On the web, we're supposed to pay a lot of attention to the needs of the customer. After all, we tend to accept that in general, a great customer experience yields whatever we want: more sales, regular customers, greater engagement, or whatever. So how do we balance these seemingly mutually-exclusive perspectives? We don't. The solution is in the aggregate.
Toxic Customers
Toxic customers are those who make your life miserable, and have no chance of ever really being happy. Alexander Kjerulf has a great article about them, and how they can single-handedly bring a raincloud over your company, so I won't go much into it, save for Kjerulf's opening excerpt, from Nuts! the story of Southwest Airlines:
One woman who frequently flew on Southwest, was constantly disappointed with every aspect of the company’s operation. In fact, she became known as the “Pen Pal” because after every flight she wrote in with a complaint.
She didn’t like the fact that the company didn’t assign seats; she didn’t like the absence of a first-class section; she didn’t like not having a meal in flight; she didn’t like Southwest’s boarding procedure; she didn’t like the flight attendants’ sporty uniforms and the casual atmosphere.
Her last letter, reciting a litany of complaints, momentarily stumped Southwest’s customer relations people. They bumped it up to Herb’s [Kelleher, CEO of Southwest] desk, with a note: ‘This one’s yours.’
In sixty seconds, Kelleher wrote back and said, ‘Dear Mrs. Crabapple, We will miss you. Love, Herb.’”
Kelleher knew that no matter what she got, the Pen Pal would be back for more, abusing and berating his employees flight after flight. There was no winning her over, and she was a drain on resources and morale. She just wasn't a good fit, and so he fired her. It makes perfect business sense -- sometimes customers aren't just mistaken, they're flat out wrong, and treating them as though they're right is bad for business.
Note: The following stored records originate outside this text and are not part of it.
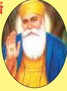
पंत पंत श्री गुरु नानक देव जी के पूजन पुत्रव दौआं भप सड ठुं लंख लंख बधाइयां
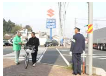
登校する生徒さん達は皆、安全な横断でした。

通行するみなさんは、元気な声で、「おはようございます」と挨拶してくれました。小学生は集団登校ですが、人数が多いと列が長くなり、横断歩道を渡りきらないうちに、信号が変わってしまいます。急いでわたりましょう。東出雲中学校の自転車通学の生徒さんは、きちんと縦列で通行していました。(長野)
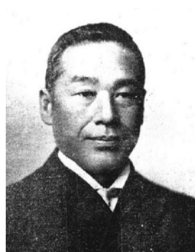
【南湖院アルバム】1913年版より

当初第一病舎だけで始まった南湖院でしたが、敷地が拡大し、次々に新しい病舎が建てられました。周辺では道路の整備や海岸の植林、
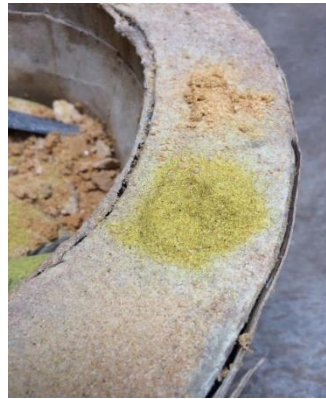
Gambar 3.3 Pasir Silika

banyak volume satuan kristal dan juga adanya biasan cahaya dari kristal tersebut.
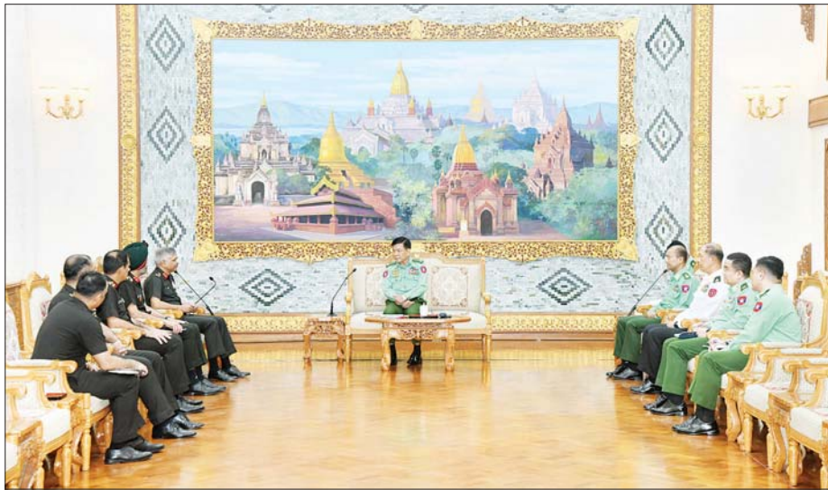
နိုင်ငံတော်စီမံအုပ်ချုပ်ရေးကောင်စီအဖွဲ့ဝင် ညှိနှိုင်းကွပ်ကဲရေးမှူး(ကြည်း၊ ရေ၊ လေ) ဗိုလ်ချုပ်ကြီး မောင်မောင်အေး အိန္ဒိယနိုင်ငံ နယူးဒေလီမြို့ရှိ National Defence College မှ အကြီးတန်းနည်းပြအရာရှိ(Senior Directing Staff) ဖြစ်သူ Major General Ajay Kumar Singh, AVSM, SM ဦးဆောင်သော ကိုယ်စားလှယ်အဖွဲ့အား လက်ခံတွေ့ဆုံစဉ်။

တွေ့ဆုံပွဲသို့ နိုင်ငံတော်စီမံအုပ်ချုပ်ရေးကောင်စီအဖွဲ့ဝင်၊ ညှိနှိုင်းကွပ်ကဲရေးမှူး(ကြည်း၊ ရေ၊ လေ)နှင့်အတူ ကာကွယ်ရေးဦးစီးချုပ်ရုံး(ကြည်း)မှ တပ်မတော်လေ့ကျင့်ရေးအရာရှိချုပ် ဒုတိယဗိုလ်ချုပ်ကြီး ထိန်ဝင်းနှင့် တာဝန်ရှိသူများ တက်ရောက်ကြပြီး အိန္ဒိယနိုင်ငံ National Defence College မှ အကြီးတန်းနည်းပြအရာရှိ(Senior Directing Staff) ဖြစ်သူနှင့်အတူ သင်တန်းသားအရာရှိကြီးများ၊ မြန်မာနိုင်ငံဆိုင်ရာ အိန္ဒိယစစ်သံမှူးနှင့် တာဝန်ရှိသူများ တက်ရောက်ခဲ့ကြောင်း သတင်းရရှိသည်။
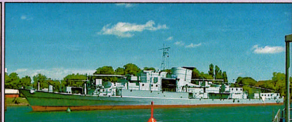
Heute als Übungshulk in Neustadt/ Holstein

In fast 20 Dienstjahren legte die "KÖLN" 310.000 Seemeilen zurück. Nach der Demilitarisierung verlegte "F-220" im November in die Norderwerft nach Hamburg wo sie zu Übungs- und Ausbildungshulk für die Schiffssicherungslehrgruppe umgebaut wurde.
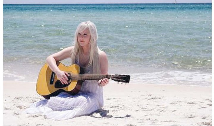
Auch im Urlaub...

Bei Fragen rund um die Musikschule sind wir für Euch da: Tel. 07249/1859 oder sekretariat@musikschule-hardt.de . Euer Team der Musikschule Hardt
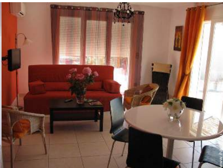
Confort intérieur à disposition des hôtes
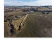
S3 Beia - Archita
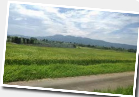
美しい景色が 当たり前のことになりませんように

人が優しく、眺めもきれいで、伝統文化も豊かで南砺市はとても素敵な所だと思います。これから世界のみんなに南砺の素晴らしさを知ってもらえるように国際交流員として頑張ります！
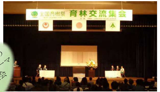
沖縄県[令和元年]での様子
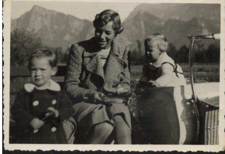
עם אמא ודייזי בשווייץ

עכשיו גרנו בחדר אחד עם שתי הילדות. בעצם אישרו לנו שהייה של 8 ימים, אך השגנו הארכה דרך ה-Joint.
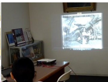
『紅葉狩』「谷版」の上映
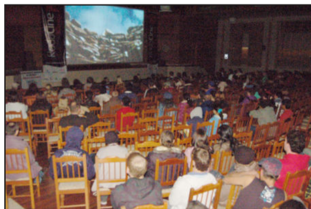
Público pôde assistir a dois filmes via Instituto Estadual do Cinema

A história acontece no interior do Rio Grande do Sul e gira em torno dos pequenos conflitos de adolescentes, deparando-se para ingressar no mundo adulto. Daniel tem 15 anos, uma namorada indecisa Mim, e um amigo cheio de problemas, Lucas. Daniel se comunica com o pai biológico, que vive num país do oriente, somente através
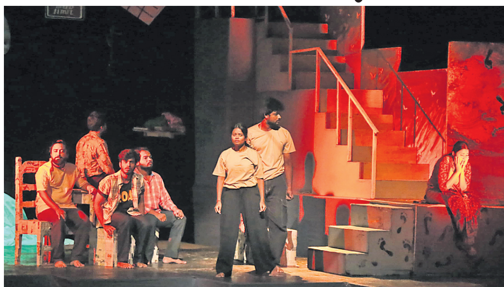
'ଜୀନରେଖା' ପକ୍ଷରୁ ମଞ୍ଚସ୍ଥ ନାଟକ 'ନିଃଶିକ୍ଷ ପାଦଶବ୍ଦ'।
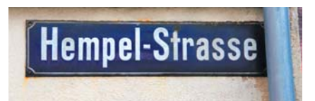
Fabrikgebäude der Bandweberei Hempel im Jahre 1872; Gedenkplatte zur Firmengründung 1767 und Wegesteintafel Nr. 9 des Pulsnitzer Heimatvereins; Ansichten des sog. „Pillnitzer Hauses“ im Jahre 1896 und 2025; Fabrikgebäude in den Jahren vor dem Abriss 1997 in ruinösem Zustand; Straßenschilder mit Bezug zur Fabrikantenfamilie Hempel
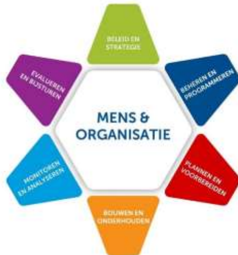
Figuur 1: de assetmanagementroos
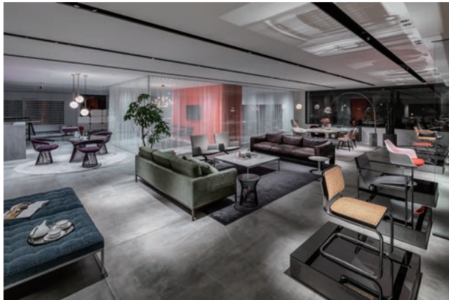
往年の名作から最新のファニチャーまでを展示。

1947年に Florence Knoll によって設立された Knoll Textiles は、商業用インテリアのファブリックニーズに対応する最初の会社です。現在、Knoll Textiles は北米最大のテキスタイルサプライヤーの1つで、医療、ホスピタリティ、教育のために開発された製品を備えています。
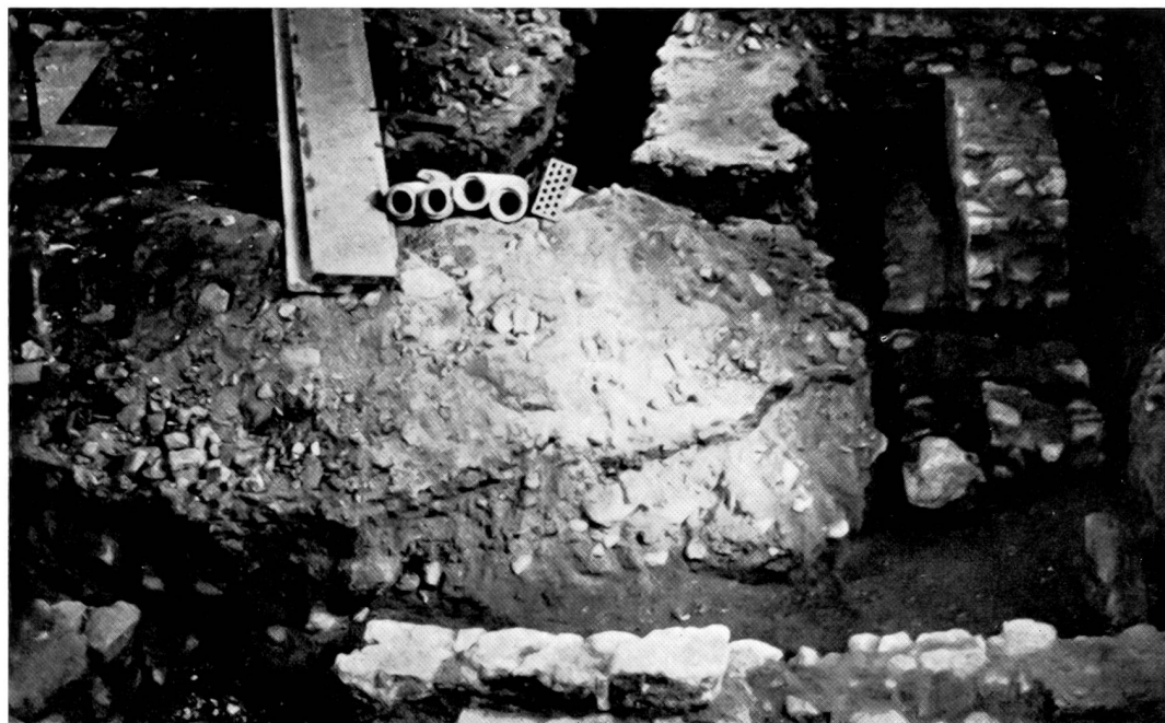
Abb. 6, Westabschluss der alten Kirche vor 1671. Vorne links der schmale Durchbruch. Rechts Südwestecke, darüber Fragmente der Türschwelle. Am rechten Bildrand Südmauer mit Fundamentverbreiterung («Wandbank»), oben der Stipes des Wendelinsaltars (rechter Seitenaltar).

Da die Brunst von 1812 die Ausstattung der Kirche ziemlich weitgehend zerstört haben muss, ist man vorläufig, solange nicht etwa aus den Akten des Stifts Schönenwerd noch mehr erfahren werden kann, auf folgende Anhaltspunkte angewiesen: In der Apsisrückwand waren oben beim Gewölbeansatz zwei in die Wandfläche umgebogene Eisenstangen eingemauert, die zweifellos einmal das Retabel eines Altars abgestützt hatten. Über dem linken Seitenaltar (bis jetzt Marienaltar) fand sich in der Chorbogenmauer eine nischenartige Vertiefung, die eine Figur oder Figurengruppe enthalten haben muss. Dieser Seitenaltar ist im Jahrzeitenbuch von 1525 (also schon für die «Vorgängerin») als Altar der heiligen Vitus, Modestus und Crescentia genannt. Er ist es sicher noch 1772, da Pfarrer Peter Joseph Gyonet von Riedholz, der sich im Jahrzeitenbuch immer Coelestinus nennt, daselbst schreibt, er habe auf eigene Kosten den Vitusaltar

So, forget customers and users?
Of course not. Instead, though, consider that customer and user feedback is most valuable in the aggregate, not the particular. If one person, even a very important person, thinks your user flow doesn't work, and everyone else seems to think it does, that one person should not drive a major revision of your flow. If a decent portion of your aggregate feedback is suggesting a change in strategy, though, it might be worth listening.
What is a decent portion? That depends on your needs. If your audience is the masses, and your tech-savvy beta testers seem to be having no problem with your interface, but a good portion of your less-savvy testers are having show-stopping issues, it might be worth a change. Even if that portion is currently only two percent, fingers are crossed that they'll eventually represent ninety-eight percent of your users when you hit it big.
But don't be afraid to tell Mrs. Crabapple that you'll miss her.